Reproduce the first line of the entries that follow and each later line, word for word, ending with the one containing "Usa La Stazione".

**Entries provided**
==========

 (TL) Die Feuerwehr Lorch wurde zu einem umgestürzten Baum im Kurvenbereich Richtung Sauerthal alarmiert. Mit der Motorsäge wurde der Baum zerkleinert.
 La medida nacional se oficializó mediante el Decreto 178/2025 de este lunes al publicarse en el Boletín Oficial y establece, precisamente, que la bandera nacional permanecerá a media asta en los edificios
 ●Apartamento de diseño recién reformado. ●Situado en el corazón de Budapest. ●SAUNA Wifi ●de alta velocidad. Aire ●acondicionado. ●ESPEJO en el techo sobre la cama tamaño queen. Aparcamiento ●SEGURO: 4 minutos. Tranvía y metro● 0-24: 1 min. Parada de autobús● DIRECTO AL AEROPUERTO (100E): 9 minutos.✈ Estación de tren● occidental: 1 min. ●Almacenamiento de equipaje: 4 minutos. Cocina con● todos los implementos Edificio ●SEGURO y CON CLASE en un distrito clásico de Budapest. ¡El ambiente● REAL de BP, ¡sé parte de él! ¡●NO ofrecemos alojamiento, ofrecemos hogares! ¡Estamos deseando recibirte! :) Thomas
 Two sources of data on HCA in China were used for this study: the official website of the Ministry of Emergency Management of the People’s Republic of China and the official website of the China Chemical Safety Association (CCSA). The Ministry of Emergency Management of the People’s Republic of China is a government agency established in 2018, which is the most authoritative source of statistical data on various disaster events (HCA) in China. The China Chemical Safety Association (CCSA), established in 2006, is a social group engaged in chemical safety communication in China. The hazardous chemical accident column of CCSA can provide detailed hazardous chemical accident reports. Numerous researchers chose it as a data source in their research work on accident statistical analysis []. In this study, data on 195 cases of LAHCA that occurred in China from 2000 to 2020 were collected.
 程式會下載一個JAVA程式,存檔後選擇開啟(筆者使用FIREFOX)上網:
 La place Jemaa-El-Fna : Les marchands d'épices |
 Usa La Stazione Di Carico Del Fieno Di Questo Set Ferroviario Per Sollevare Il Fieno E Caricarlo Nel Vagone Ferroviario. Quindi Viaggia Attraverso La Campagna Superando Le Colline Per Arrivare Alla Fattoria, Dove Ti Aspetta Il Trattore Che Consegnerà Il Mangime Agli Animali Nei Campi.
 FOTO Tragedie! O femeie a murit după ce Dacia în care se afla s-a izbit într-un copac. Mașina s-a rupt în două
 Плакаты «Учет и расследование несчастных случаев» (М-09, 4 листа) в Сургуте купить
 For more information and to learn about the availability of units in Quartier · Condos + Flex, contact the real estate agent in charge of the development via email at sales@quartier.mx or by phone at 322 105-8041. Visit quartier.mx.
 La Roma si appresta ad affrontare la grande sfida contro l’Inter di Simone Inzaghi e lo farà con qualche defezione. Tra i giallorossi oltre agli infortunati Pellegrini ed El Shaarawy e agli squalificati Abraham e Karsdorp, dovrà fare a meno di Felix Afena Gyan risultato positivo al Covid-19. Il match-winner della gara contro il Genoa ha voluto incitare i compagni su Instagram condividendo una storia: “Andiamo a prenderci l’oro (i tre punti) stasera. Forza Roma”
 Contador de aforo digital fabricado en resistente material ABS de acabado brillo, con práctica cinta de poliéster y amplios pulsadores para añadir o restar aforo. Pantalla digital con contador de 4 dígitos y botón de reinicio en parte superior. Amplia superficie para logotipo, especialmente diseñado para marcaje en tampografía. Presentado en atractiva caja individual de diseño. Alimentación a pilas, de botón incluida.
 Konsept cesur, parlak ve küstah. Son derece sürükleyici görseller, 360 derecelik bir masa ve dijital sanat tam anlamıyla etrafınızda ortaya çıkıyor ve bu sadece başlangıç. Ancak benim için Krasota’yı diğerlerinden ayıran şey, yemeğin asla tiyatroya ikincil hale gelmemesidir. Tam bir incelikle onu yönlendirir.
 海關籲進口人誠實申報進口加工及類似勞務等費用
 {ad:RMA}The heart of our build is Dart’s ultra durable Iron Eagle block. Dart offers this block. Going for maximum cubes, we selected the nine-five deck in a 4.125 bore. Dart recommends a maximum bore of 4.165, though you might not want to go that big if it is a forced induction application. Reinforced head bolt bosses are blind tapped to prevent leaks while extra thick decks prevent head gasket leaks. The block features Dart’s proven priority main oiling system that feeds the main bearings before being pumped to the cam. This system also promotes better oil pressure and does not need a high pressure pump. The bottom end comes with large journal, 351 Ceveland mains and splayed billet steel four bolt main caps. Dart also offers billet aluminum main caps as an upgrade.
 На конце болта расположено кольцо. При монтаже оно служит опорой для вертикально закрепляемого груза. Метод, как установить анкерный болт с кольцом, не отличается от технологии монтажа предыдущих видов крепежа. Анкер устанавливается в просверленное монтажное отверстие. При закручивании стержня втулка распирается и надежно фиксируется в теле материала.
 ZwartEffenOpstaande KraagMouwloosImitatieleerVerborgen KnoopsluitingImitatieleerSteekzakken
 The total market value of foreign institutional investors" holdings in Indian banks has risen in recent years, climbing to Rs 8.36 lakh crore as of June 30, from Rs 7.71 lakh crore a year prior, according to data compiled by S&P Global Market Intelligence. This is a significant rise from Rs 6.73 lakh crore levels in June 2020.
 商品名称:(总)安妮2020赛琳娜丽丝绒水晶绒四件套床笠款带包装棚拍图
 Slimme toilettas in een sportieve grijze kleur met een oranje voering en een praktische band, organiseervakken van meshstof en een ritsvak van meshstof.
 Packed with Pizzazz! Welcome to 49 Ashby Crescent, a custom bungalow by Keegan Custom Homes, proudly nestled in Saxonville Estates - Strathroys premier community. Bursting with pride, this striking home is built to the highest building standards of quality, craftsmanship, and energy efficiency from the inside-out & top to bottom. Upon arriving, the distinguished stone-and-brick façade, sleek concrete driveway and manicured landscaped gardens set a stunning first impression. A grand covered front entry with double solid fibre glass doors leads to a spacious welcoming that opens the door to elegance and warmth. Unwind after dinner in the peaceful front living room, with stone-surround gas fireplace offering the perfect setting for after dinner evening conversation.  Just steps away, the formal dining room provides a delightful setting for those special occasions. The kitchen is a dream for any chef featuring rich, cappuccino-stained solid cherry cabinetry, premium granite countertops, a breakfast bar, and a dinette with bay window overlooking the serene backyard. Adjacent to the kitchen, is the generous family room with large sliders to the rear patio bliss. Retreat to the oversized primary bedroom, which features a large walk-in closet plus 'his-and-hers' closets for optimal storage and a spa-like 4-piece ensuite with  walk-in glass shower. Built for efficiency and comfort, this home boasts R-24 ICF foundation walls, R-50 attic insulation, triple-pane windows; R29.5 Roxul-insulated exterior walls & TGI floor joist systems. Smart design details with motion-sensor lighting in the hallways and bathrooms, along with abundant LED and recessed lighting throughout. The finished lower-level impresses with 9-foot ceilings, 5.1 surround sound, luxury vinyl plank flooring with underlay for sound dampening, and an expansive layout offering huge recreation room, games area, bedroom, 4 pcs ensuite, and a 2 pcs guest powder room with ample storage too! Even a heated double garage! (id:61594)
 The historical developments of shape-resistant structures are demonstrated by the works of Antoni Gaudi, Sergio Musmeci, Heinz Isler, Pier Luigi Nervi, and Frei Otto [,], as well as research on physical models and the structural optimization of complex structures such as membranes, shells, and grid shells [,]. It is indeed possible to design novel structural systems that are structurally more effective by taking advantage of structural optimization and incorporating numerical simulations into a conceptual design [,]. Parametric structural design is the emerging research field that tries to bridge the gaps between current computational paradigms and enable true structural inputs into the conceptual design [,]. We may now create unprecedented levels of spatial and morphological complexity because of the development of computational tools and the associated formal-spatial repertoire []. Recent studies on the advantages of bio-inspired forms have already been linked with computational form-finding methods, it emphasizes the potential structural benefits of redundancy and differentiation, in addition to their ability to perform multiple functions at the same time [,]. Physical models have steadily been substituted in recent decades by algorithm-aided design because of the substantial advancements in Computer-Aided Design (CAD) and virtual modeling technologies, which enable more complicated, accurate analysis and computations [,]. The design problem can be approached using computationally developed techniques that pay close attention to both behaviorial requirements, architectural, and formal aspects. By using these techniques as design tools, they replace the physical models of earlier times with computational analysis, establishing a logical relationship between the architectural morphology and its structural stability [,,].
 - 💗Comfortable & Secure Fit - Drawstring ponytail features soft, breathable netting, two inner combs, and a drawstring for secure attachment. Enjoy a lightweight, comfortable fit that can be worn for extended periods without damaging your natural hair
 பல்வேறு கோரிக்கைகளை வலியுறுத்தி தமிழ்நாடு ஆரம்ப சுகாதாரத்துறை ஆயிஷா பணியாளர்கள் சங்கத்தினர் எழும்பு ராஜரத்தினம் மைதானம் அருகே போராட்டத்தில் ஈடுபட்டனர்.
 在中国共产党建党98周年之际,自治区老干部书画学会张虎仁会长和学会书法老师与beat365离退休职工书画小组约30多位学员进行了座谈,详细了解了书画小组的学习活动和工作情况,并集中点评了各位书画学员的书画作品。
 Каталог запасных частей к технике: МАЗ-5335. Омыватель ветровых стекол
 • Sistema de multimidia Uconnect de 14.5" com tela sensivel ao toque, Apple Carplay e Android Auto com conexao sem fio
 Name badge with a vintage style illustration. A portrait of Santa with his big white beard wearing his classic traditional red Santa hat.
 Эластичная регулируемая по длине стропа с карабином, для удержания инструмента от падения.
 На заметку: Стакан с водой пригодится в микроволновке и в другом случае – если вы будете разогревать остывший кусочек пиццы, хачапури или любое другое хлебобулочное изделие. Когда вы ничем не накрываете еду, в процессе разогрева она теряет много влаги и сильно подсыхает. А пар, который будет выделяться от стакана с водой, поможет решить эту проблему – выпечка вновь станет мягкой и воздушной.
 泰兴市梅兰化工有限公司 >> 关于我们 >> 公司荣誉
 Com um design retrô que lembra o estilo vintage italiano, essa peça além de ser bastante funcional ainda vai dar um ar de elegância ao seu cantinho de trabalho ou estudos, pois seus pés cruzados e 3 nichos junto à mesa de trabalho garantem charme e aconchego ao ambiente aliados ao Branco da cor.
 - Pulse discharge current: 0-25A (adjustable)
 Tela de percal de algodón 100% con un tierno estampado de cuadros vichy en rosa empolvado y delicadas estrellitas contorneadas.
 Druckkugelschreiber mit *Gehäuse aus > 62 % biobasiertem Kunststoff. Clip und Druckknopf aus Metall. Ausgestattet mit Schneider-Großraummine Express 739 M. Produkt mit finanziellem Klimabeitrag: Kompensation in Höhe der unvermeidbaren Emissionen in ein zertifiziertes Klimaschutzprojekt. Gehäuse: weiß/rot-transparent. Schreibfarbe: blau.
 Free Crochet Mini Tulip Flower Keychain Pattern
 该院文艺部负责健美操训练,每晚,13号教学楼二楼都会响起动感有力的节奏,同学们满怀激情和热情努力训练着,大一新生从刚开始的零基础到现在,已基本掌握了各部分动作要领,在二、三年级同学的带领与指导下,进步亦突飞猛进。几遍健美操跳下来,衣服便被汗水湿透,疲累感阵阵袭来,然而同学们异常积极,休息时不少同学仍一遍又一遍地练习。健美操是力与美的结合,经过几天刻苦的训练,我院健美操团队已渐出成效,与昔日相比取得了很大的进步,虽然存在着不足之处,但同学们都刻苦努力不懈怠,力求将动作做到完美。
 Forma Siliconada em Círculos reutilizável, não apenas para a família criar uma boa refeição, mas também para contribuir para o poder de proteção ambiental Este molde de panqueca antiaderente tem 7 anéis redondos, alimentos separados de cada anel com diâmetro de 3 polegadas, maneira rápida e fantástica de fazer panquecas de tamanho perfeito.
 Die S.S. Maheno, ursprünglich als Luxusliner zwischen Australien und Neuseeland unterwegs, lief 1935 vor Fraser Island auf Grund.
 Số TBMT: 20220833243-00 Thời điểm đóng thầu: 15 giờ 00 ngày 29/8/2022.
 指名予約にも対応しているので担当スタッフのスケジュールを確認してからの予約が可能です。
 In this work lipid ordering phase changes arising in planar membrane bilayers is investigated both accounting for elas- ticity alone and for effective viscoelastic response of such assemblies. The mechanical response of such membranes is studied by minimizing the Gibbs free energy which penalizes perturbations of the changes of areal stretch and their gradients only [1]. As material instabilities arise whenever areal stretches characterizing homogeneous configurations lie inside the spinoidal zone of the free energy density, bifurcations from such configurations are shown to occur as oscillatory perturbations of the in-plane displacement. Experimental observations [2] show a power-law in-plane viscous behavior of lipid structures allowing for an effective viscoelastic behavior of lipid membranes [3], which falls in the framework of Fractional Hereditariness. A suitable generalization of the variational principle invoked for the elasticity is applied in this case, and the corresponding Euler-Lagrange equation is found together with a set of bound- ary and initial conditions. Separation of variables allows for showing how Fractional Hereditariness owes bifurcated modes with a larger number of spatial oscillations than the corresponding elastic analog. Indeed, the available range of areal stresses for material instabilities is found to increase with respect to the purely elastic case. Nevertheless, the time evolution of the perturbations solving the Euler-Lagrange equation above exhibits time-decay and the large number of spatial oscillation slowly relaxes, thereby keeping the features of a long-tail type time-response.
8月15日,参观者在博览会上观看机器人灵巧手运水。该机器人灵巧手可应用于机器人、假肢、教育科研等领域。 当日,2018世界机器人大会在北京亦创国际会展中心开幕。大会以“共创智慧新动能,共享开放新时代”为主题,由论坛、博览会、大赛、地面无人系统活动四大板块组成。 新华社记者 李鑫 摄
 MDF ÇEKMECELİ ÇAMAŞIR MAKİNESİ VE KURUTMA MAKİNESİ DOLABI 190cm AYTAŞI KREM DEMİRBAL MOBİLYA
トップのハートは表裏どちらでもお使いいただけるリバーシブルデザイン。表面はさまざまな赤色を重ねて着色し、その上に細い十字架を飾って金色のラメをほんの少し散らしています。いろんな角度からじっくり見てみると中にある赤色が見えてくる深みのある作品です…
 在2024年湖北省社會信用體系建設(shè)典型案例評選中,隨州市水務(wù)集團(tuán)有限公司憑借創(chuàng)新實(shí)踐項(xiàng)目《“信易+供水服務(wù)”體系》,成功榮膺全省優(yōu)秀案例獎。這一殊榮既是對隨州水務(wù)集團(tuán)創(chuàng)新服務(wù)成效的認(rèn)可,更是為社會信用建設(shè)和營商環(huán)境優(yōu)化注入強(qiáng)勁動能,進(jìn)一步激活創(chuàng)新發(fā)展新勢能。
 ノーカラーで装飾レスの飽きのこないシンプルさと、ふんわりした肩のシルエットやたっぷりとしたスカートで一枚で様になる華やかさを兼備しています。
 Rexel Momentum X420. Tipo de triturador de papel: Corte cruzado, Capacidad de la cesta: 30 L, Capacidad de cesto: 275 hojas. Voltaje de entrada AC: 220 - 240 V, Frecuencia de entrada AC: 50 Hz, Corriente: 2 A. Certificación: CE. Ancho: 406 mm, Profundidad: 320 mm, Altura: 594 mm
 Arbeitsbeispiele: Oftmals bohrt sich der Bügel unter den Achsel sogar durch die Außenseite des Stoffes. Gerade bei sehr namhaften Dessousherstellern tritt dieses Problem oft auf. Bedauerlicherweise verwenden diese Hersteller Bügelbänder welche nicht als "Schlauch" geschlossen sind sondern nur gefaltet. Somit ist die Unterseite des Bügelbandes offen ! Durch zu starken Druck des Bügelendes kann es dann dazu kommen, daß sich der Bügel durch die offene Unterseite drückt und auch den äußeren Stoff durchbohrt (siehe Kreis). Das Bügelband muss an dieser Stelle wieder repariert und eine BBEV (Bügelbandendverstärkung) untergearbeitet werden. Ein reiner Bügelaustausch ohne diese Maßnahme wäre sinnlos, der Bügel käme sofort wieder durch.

==========

**Result for this exercise**
 (TL) Die Feuerwehr Lorch wurde zu einem umgestürzten Baum im Kurvenbereich Richtung Sauerthal alarmiert. Mit der Motorsäge wurde der Baum zerkleinert.
 La medida nacional se oficializó mediante el Decreto 178/2025 de este lunes al publicarse en el Boletín Oficial y establece, precisamente, que la bandera nacional permanecerá a media asta en los edificios
 ●Apartamento de diseño recién reformado. ●Situado en el corazón de Budapest. ●SAUNA Wifi ●de alta velocidad. Aire ●acondicionado. ●ESPEJO en el techo sobre la cama tamaño queen. Aparcamiento ●SEGURO: 4 minutos. Tranvía y metro● 0-24: 1 min. Parada de autobús● DIRECTO AL AEROPUERTO (100E): 9 minutos.✈ Estación de tren● occidental: 1 min. ●Almacenamiento de equipaje: 4 minutos. Cocina con● todos los implementos Edificio ●SEGURO y CON CLASE en un distrito clásico de Budapest. ¡El ambiente● REAL de BP, ¡sé parte de él! ¡●NO ofrecemos alojamiento, ofrecemos hogares! ¡Estamos deseando recibirte! :) Thomas
 Two sources of data on HCA in China were used for this study: the official website of the Ministry of Emergency Management of the People’s Republic of China and the official website of the China Chemical Safety Association (CCSA). The Ministry of Emergency Management of the People’s Republic of China is a government agency established in 2018, which is the most authoritative source of statistical data on various disaster events (HCA) in China. The China Chemical Safety Association (CCSA), established in 2006, is a social group engaged in chemical safety communication in China. The hazardous chemical accident column of CCSA can provide detailed hazardous chemical accident reports. Numerous researchers chose it as a data source in their research work on accident statistical analysis []. In this study, data on 195 cases of LAHCA that occurred in China from 2000 to 2020 were collected.
 程式會下載一個JAVA程式,存檔後選擇開啟(筆者使用FIREFOX)上網:
 La place Jemaa-El-Fna : Les marchands d'épices |
 Usa La Stazione Di Carico Del Fieno Di Questo Set Ferroviario Per Sollevare Il Fieno E Caricarlo Nel Vagone Ferroviario. Quindi Viaggia Attraverso La Campagna Superando Le Colline Per Arrivare Alla Fattoria, Dove Ti Aspetta Il Trattore Che Consegnerà Il Mangime Agli Animali Nei Campi.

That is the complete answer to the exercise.